Karachi, October 13, 2024 – The Pakistani rupee is forecasted to maintain stability against the US dollar in the coming week starting October 14, 2024, buoyed by adequate dollar supplies and a steady increase in foreign exchange reserves, currency dealers predict. Despite minor fluctuations this week, the rupee is expected to stay within its current range as demand for dollars is met by sufficient liquidity in the market.
In the interbank market, the rupee demonstrated slight volatility over the week. It began at 277.64 per dollar on Monday but dipped to 277.79 by Thursday. However, by the end of the trading week on Friday, it had regained some ground, closing at 277.63 per dollar. Market experts believe that the rupee’s stability is supported by the availability of dollars, which is helping to balance market demand.
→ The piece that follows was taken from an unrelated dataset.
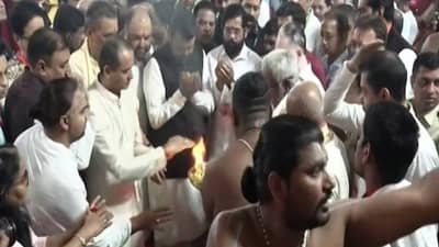 नवी मुंबई : आता तिरुपती बालाजी मंदिराचं दर्शन घेण्यासाठी आंध्रप्रदेशात जाण्याची गरज नाही. महाराष्ट्रातील जनतेला आता नवी मुंबईतच तिरुपती बालाजीचं दर्शन घेता येणार आहे. नवी मुंबईतल्या उलवेनोडमध्ये तिरुपती बालाजीचं भव्य मंदिर बांधण्यात येणार आहे. मुख्यमंत्री एकनाथ शिंदे यांच्या हस्ते आज सकाळी सकाळीच प्रति तिरुपती बालाजी मंदिराचं भूमिपूजन करण्यात आलं. यावेळी उपमुख्यमंत्री देवेंद्र फडणवीस यांच्यासह राज्य मंत्रिमंडळातील मंत्री, नवी मुंबईतील आमदार, खासदार आणि स्थानिक नेते मोठ्या प्रमाणावर उपस्थित होते.
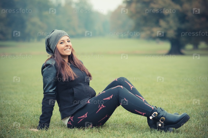 Молодая красивая брюнетка в парке

“The rupee is likely to remain steady next week, as there seems to be enough dollar liquidity to meet market demand,” commented one currency dealer. This outlook is reinforced by the rise in Pakistan’s foreign exchange reserves, which increased by $106 million, reaching $10.808 billion as of October 4, 2024.
In addition to stronger reserves, remittance inflows have significantly bolstered the rupee. Overseas Pakistanis sent home $2.8 billion in September, marking a 29% year-on-year increase. In the first quarter of FY25, remittances totaled $8.8 billion, reflecting a robust 39% growth compared to the same period last year.
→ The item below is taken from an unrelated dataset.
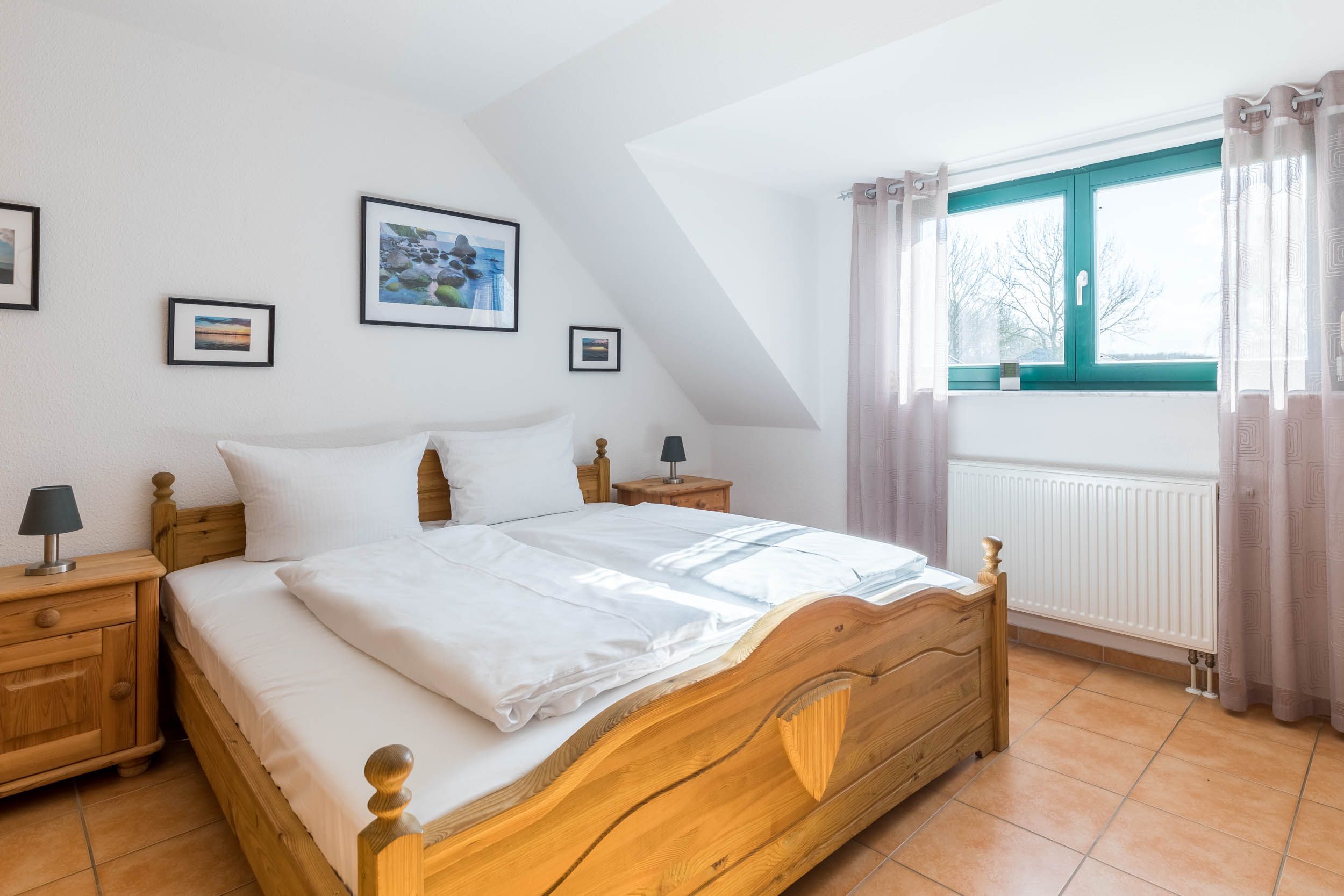 Vom Flur aus führt die Treppe weiter ins Dachgeschoss. In dieser Etage gibt es ein weiteres Schlafreich. Wer Ruhe braucht, ist hier bestens aufgehoben! Auch in diesem Zimmer sorgt ein großes Doppelbett für erholsamen Schlaf.

However, while the rupee remains range-bound, the currency swap premiums have exhibited volatility. According to Tresmark’s weekly report, one-month and three-month swap premiums are trading at low levels of 65 and 220 paisas, respectively, deterring exporters from locking in forward bookings. “The probability of the rupee weakening before the year-end has diminished from an exporter’s perspective,” the report highlighted.
The report further noted that the government has opted to control the rupee’s exchange rate despite opportunities to weaken it and potentially stimulate growth. This decision comes as inflation has hit a multi-year low, and Pakistan recently secured its IMF deal.
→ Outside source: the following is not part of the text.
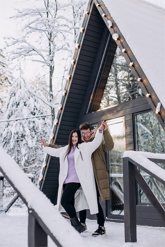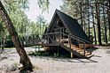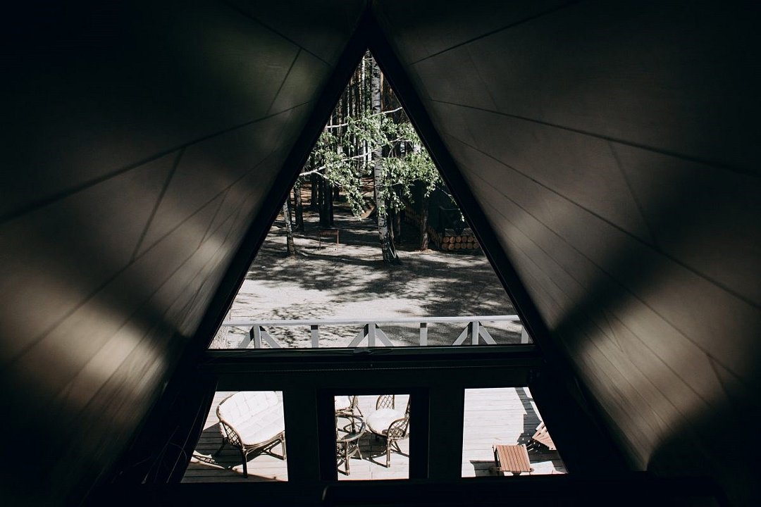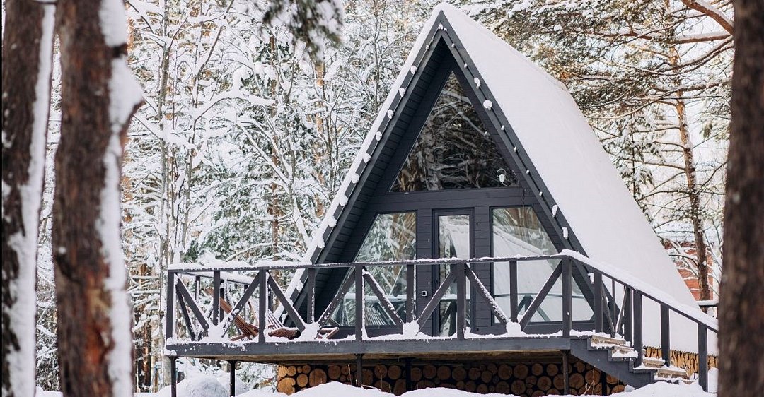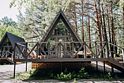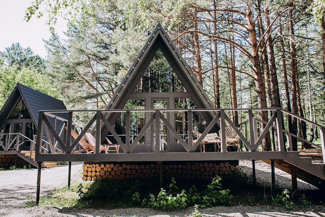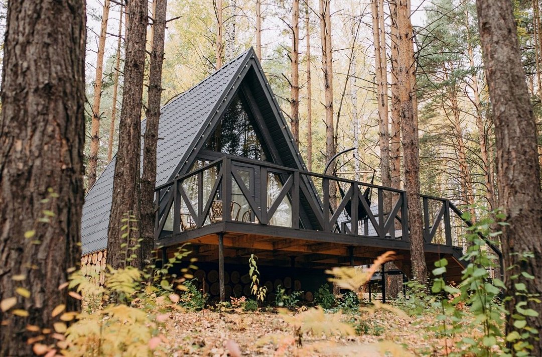 Уютные домики А-фреймы с панорамным остеклением и спальней на втором этаже. На берегу реки, внутри леса.

With the IMF monitoring Pakistan’s financial management closely, the likelihood of drastic interest rate cuts seems slim. While a 200 basis points reduction in each of the next two monetary policies is considered the best-case scenario, the IMF has expressed concerns over the banking sector’s reliance on government borrowing amid global economic uncertainties.
Moreover, Pakistan’s gross financing requirement for FY25 has fallen to $18.8 billion—a nine-year low—driven by a contained current account deficit and lower debt repayments. This marks a sharp decline from previous estimates, providing a more optimistic outlook for Pakistan’s fiscal stability in the coming years.